I can’t tell you how disappointing it is to read in Wikipedia’s article about what Podsafe means that podcasters are still slavishly following Adam Curry’s lead.
Adam Curry’s effective status as the advocate, role model, and protector of all podcasters led numerous other podcasters to bend the rules in the same ways, using the same arguments.
Despite this, he regularly commented on DSC that, if it is really important for a show not to break any rules, a podcaster should not do the same thing. (To this end, Curry had also advocated the development and use of what is now known as podsafe music, and his production company PodShow created a new site called the Podsafe Music Network.)
Finally, after ages of debate on the subject with industry professionals and members of European parliament, as well as multiple complaints from Dutch music services about violations, Curry decided he’d hit a dead end and that any negotiation in progress with music licensors was futile. This was the reason he gave on 2005 November 7 for committing his show to henceforth being entirely podsafe.
The implications of this move, including the future exclusion of staple segments such as Hit Test, Backtracks, and the regular mashuptown.com tracks, reached further than his own show. Immediately, or soon afterward, all shows on PodShow began to use only podsafe music, if they didn’t already, and a large number of other podcasters followed suit, either in fear that they could no longer get away with what Adam couldn’t, or in simple support of Adam’s decision and of podsafe music.

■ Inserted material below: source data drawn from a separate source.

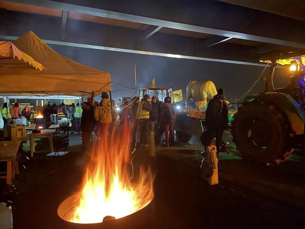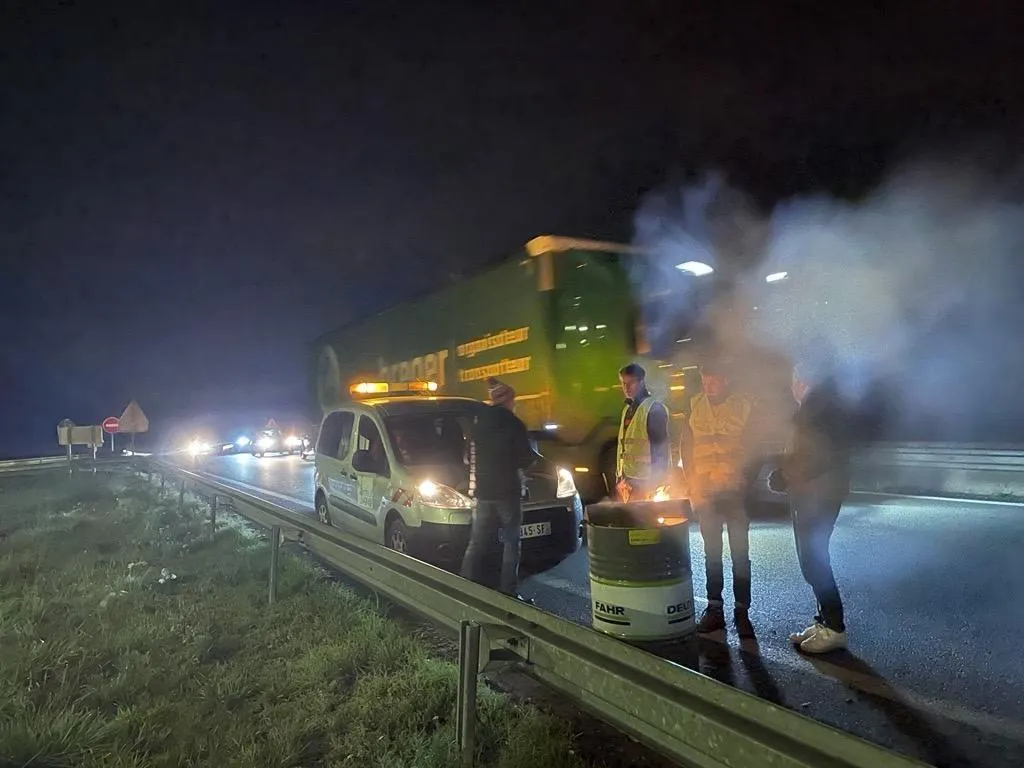 Pour lutter contre le froid, les premiers braséros sont allumés par les agriculteurs mobilisés aux abords de l'A11 près d'Angers, en Maine-et-Loire. OUEST-FRANCE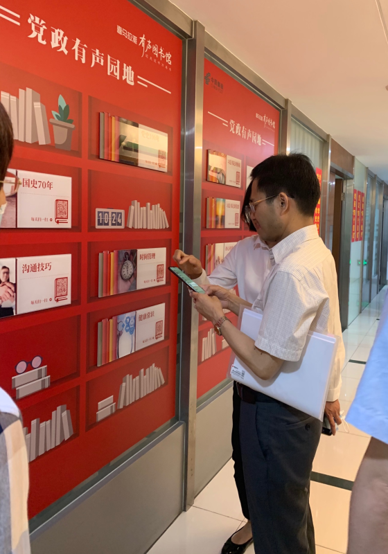 在虹口区分公司现场,集团指导组一行先行参观了虹口区分公司企业文化墙和宣传栏,并在喜马拉雅图书墙前驻足扫码试听,随后到场旁听了虹口区分公司党委理论中心组学习会。区分公司党委书记、总经理杜娟,区分公司副总经理张力,金融业务部经理许永兴分别领学了《中国共产党简史》两个篇章、习近平关于红色基因的论述等内容,并结合工作实际交流心得体会。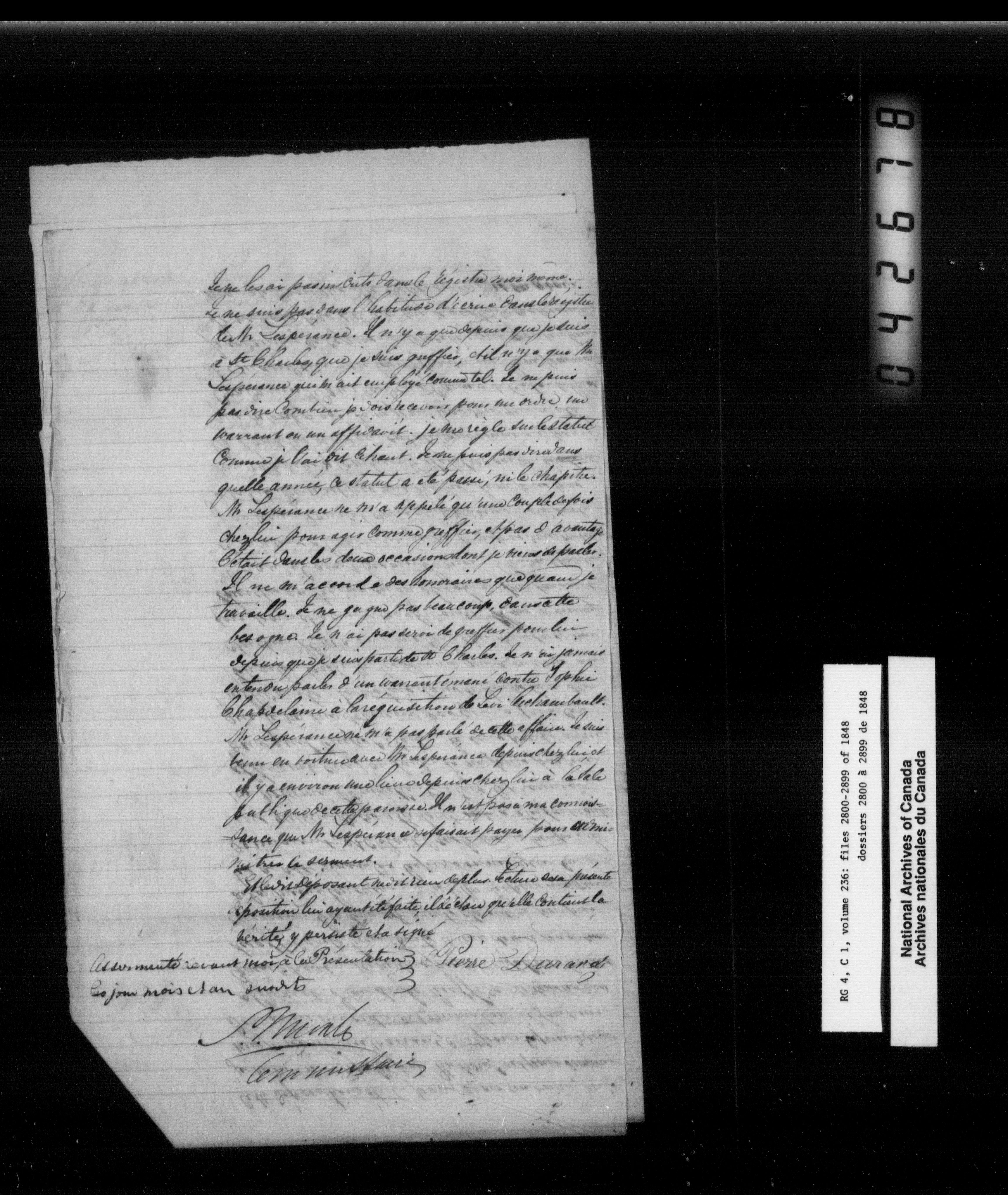 Canada East : Provincial Secretary numbered correspondence files, 1839-1867 - 2603

Umm, are you serious? Adam Curry is the protector of all podcasters? (Wait, are we sure he didn’t write this himself? Nevermind.) It’s just miserable (if this is in fact the case) that two years into the culture, everything having been written up by NYT and adopted by Apple and appropriated by corporation, this is still the public face of podcasting. Yuck.
I was telling Thad yesterday that Project Rockstar, a game where you manage the music careers of bands you create and staff, has me thinking about working creatively, perhaps in music or podcasting, again. But podcasting for me was fun because I threw licensing caution to the wind, something that I knew was semi-sort-of-wrong, as much as I understood it, or wanted to. So research on podsafe music leads to an article which declares Adam Curry as my default legal and moral guide, and then to a company which recommends and licenses podsafe music: a company run by Adam Fucking Curry. There’s no getting away from this guy.
The thing about all this is that, in the year and a half since I played around with the medium, BMI and ASCAP have both put together dirt-cheap licenses ($300 minimum, with a very small percentage of revenue most podcasts will never generate) that podcasters can use to play anything from the almost-infinite playlists that those two groups represent. The best podcast ever, Coverville, has deals with both, and I imagine that the $300+2.5% or whatever isn’t keeping that guy up at night.